> Your goal
Reproduce only the lines of the material below that start at the line containing "Собирая пирамидку, ребёнок" and stop at the line containing "Parts for Whirlpool". Keep both end lines.

> Record set
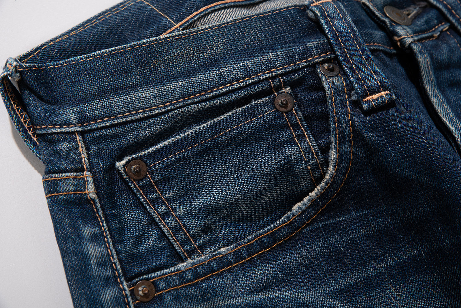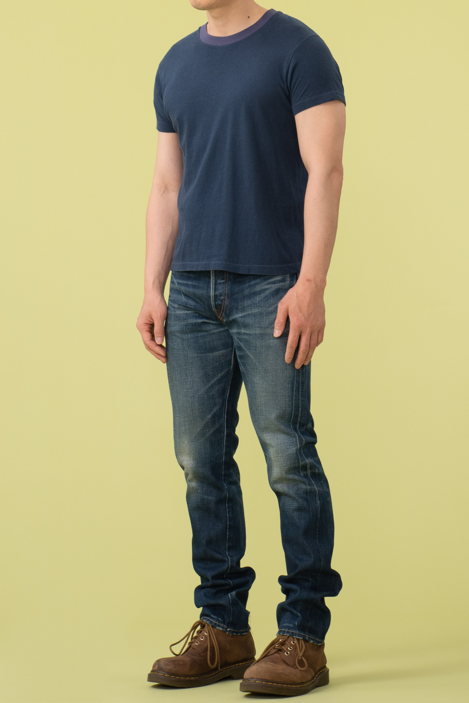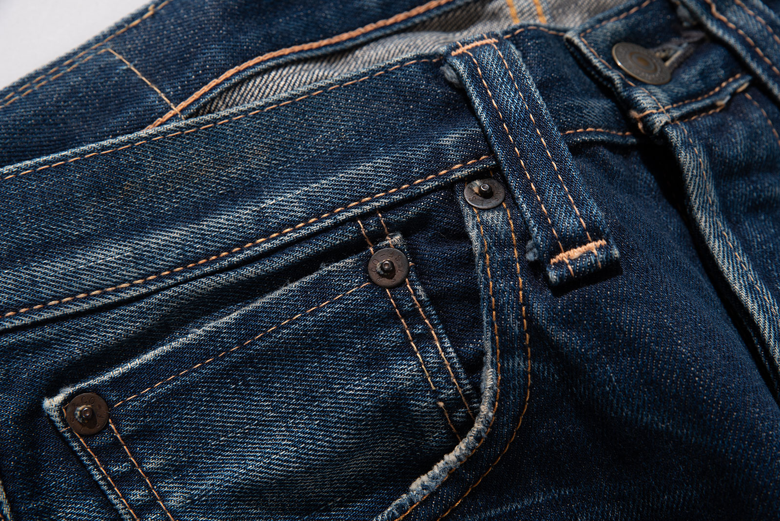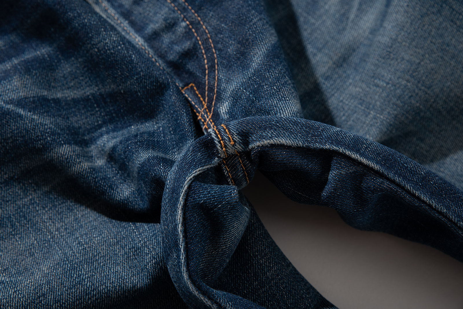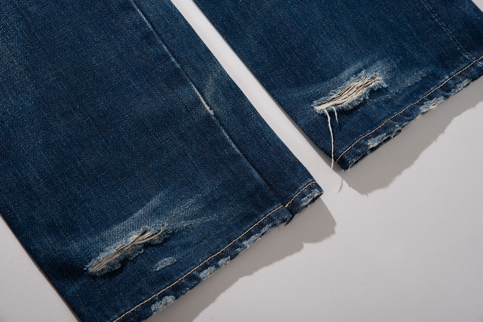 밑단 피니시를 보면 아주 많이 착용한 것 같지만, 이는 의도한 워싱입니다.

---

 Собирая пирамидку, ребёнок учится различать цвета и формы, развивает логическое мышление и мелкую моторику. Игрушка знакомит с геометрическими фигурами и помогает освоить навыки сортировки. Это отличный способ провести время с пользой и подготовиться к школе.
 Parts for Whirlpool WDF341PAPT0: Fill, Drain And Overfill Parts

> Answer to this problem
 Собирая пирамидку, ребёнок учится различать цвета и формы, развивает логическое мышление и мелкую моторику. Игрушка знакомит с геометрическими фигурами и помогает освоить навыки сортировки. Это отличный способ провести время с пользой и подготовиться к школе.
 Parts for Whirlpool WDF341PAPT0: Fill, Drain And Overfill Parts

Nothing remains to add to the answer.